* bug#52067: 29.0.50; string-glyph-split halts on certain emoji strings
@ 2021-11-23 23:01 PAVLOS MARAGAKIS via Bug reports for GNU Emacs, the Swiss army knife of text editors
[not found] ` <handler.52067.B.16377084873203.ack@debbugs.gnu.org>
2021-11-24 4:58 ` bug#52067: possible fix for " Paul Maragakis via Bug reports for GNU Emacs, the Swiss army knife of text editors
0 siblings, 2 replies; 6+ messages in thread
From: PAVLOS MARAGAKIS via Bug reports for GNU Emacs, the Swiss army knife of text editors @ 2021-11-23 23:01 UTC (permalink / raw)
To: 52067
In a clean instance of emacs paste the following lines
into the scratch buffer and evaluate the lines starting
with string-glyph-split.
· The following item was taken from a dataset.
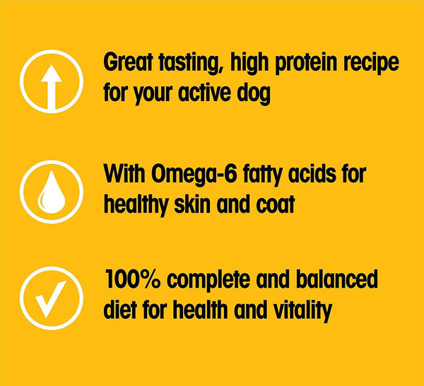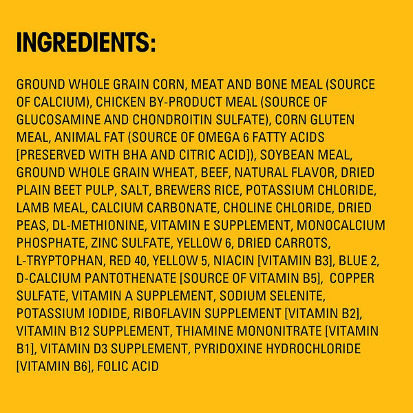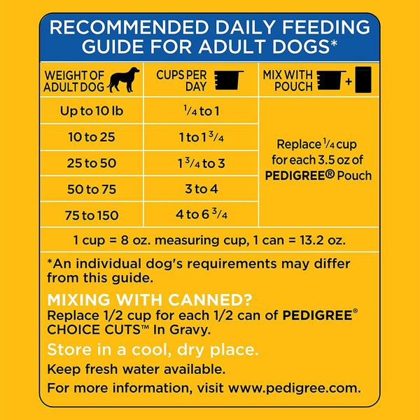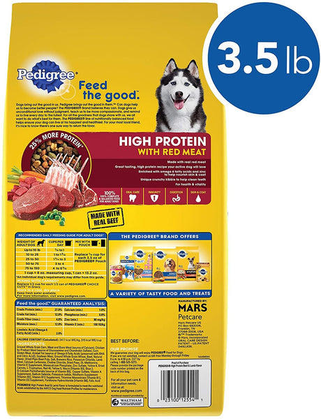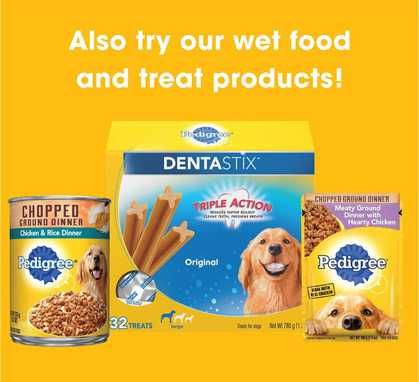 The PEDIGREE line of nutritionally balanced food helps ensure your dog can live their happiest and healthiest life. Our protein rich recipe is made with real red meat, and 25% more protein than Adult Complete Nutrition. It's always 100% complete and balanced for canines with no added sugar, no artificial flavors, and no high fructose corn syrup. Let PEDIGREE nourish your dog's skin and coat with essential fatty acids and minerals, and help clean your dog's teeth with unique crunchy kibble. Because with all the goodness that dogs share with us, we all want to do what's best for them.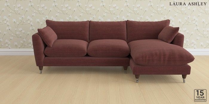 6.12.1 Buy Casterton by Laura Ashley Medium Sofa Chaise - Right Hand Edwin Chenille Burgundy Red Low Chrome Castor - Chestnut from the Laura Ashley online shop Click here to use our website with more accessibility support, for example screen readers

I show the outputs below:
(string-glyph-split "🌍🦹")
("🌍" "🦹")
(string-glyph-split "✈️✈️")
("✈️" "✈️")
(string-glyph-split "🌍✈️")
("🌍" "✈️")
(string-glyph-split "✈️🌍")
The last line will halt emacs; C-g can stop the evaluation.
The expected behavior was to split the string in two glyphs.
In GNU Emacs 29.0.50 (build 2, aarch64-apple-darwin21.1.0, NS appkit-2113.00 Version 12.0.1 (Build 21A559))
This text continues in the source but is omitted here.